Unkontaktierte Völker als solche zu bezeichnen, ist verkürzt und wie andere Fremdzuschreibungen auch mindestens problematisch. Besonders die Auswirkungen von Landraub oder früherer Gewalt und Kolonisierung finden sich in dem Begriff nicht wieder. Wir versuchen dies „auszugleichen“, indem wir sehr deutlich auf diesen Zusammenhang und aktuelle Gewalt und Landraub hinweisen. Bei alternativen Begriffen, die für diese Gruppen geläufig sind, wie „in freiwilliger Isolation lebende“ indigene Völker sehen wir diese Probleme allerdings auch.


Wenn der Begriff so problematisch ist, warum nutzen wir ihn dann überhaupt?

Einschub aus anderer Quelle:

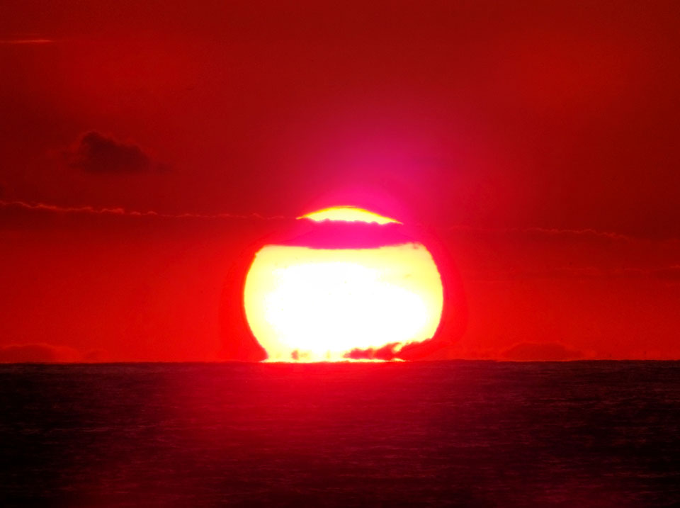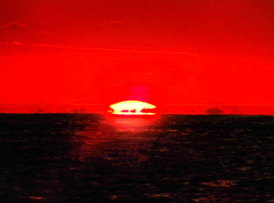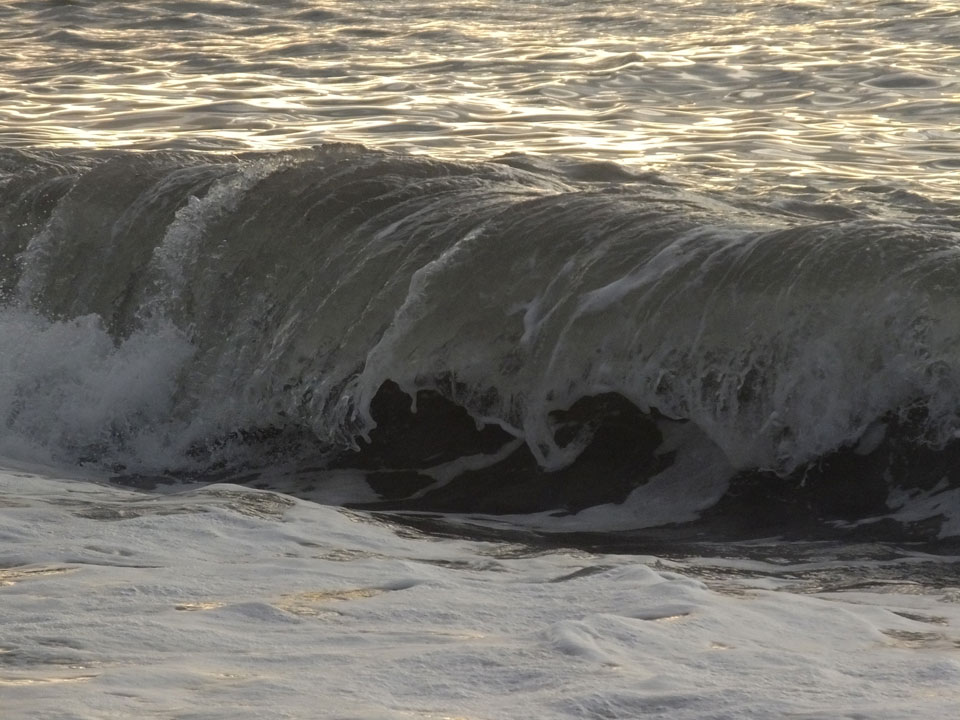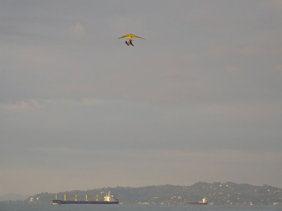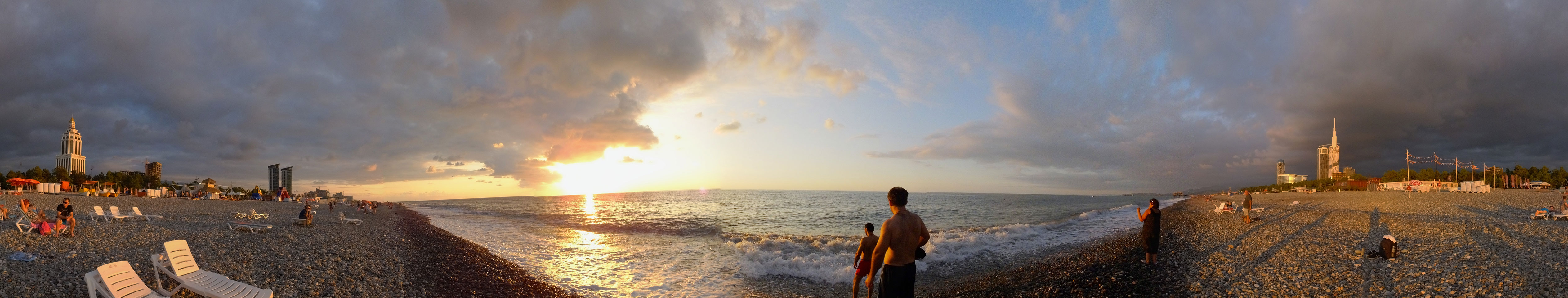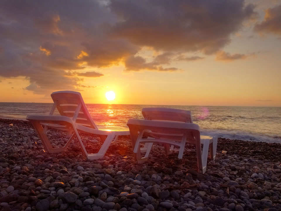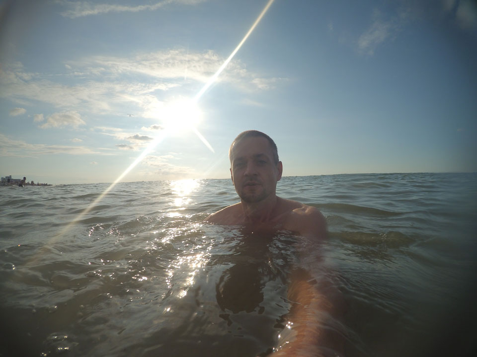 Nach etwas Video-Bearbeitung ging ich um 5 an den Strand. Die Steine sind hart und herumliegen entsprechend unbequem. Ich hüpfte zwei Mal in die Wellen und wartete bis zum Sonnenuntergang. Alles nett hier. Einige alte Frauen betteln, viele wandernde Händler verkaufen von Bananen bis Bier und Nüsse einiges. Schwimmschuhe wären hier was, ha!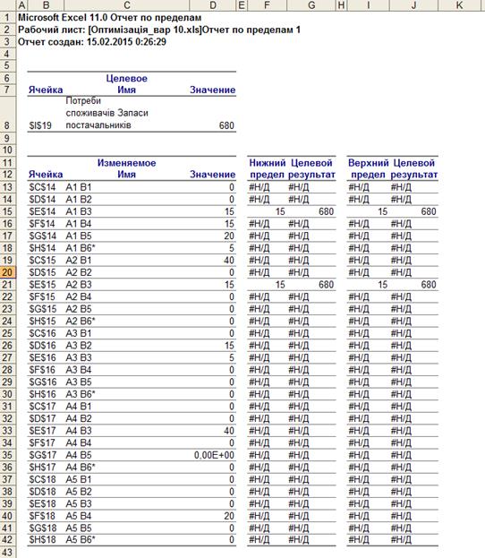 Звіт по границям (рис. 12.11). У ньому показано, у яких межах може змінюватися постачання сировини, що ввійшла в оптимальне рішення, при збереженні структури оптимального рішення: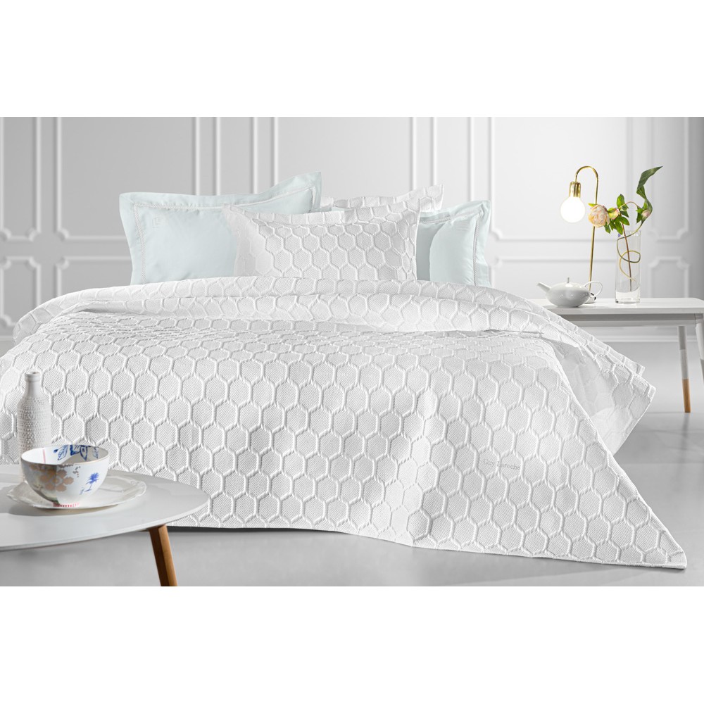 Σετ κουβερλί jacquard 3 τεμαχίων αποτελούμενο από ένα κουβερλί και δύο διακοσμητικές μαξιλαροθήκες διάστασης 50x70εκ. Το σετ είναι κατασκευασμένο από 100% microsatin με ανάγλυφο σχέδιο, ιδανικό για τους ανοιξιάτικους και θερινούς μήνες, με την υπογραφή της Guy Laroche Paris.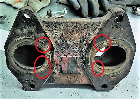 Bym zapomniał. Podczas rozbierania silnika wyszło na to, że pęknięty jest kolektor wydechowy. Pęknięty w tylu miejscach, że naprawa jest trudna, wymagająca, mało kto coś takiego potrafi. Zwróćcie też uwagę na kolor tego kolektora. Na coś wskazuje?
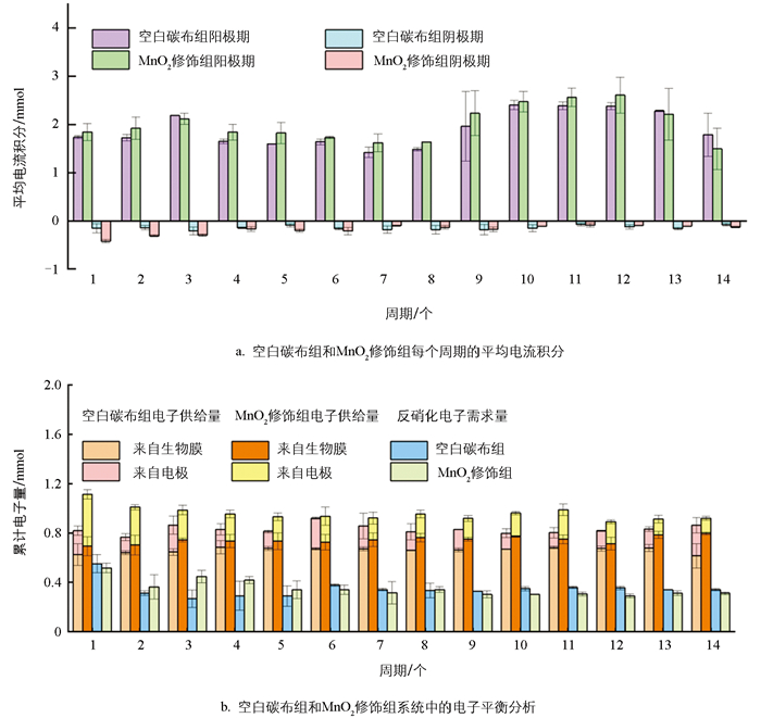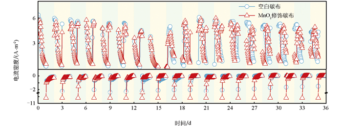 图 1 MnO2修饰组与空白组各运行周期阴阳极状态电流输出情况

Weil es wichtig ist, deutlich zu machen, dass „unkontaktierte Völker“ sich eindeutig von anderen indigenen Völker unterscheiden. Kontakt zur Mehrheitsgesellschaft ist für sie oft durch Krankheitsübertragung tödlich, was für andere indigene Völker mit regelmäßigem Kontakt zur Mehrheitsgesellschaft weniger problematisch ist. Wenn wir auf Bedrohungen hinweisen, ist diese Unterscheidung wichtig, weil sich daraus auch spezielle Rechte ableiten. Zum Beispiel ist das Verbot von Zwangskontakt in der „American Declaration on the Rights of Indigenous Peoples“ und auch in mehreren nationalen Gesetzen für diese Gruppen festgehalten. Für unkontaktierte Völker ist dieses Verbot von Zwangskontakt lebenswichtig, aber würde für andere indigene Völker vermutlich seltsam und paternalistisch anmuten. Daher brauchen wir diese Unterscheidung. Das gilt auch für andere Fälle: Zum Beispiel treten wir für das Recht auf freie, vorherige und informierte Zustimmung (FPIC) ein. Indigene Völker müssen zustimmen, bevor irgendjemand Projekte durchführt, die sie betreffen. Aber für unkonkatierte Völker könnten wir das nicht genauso fordern, denn Zustimmung würde ja Kontakt voraussetzen. Und dieser wäre fatal.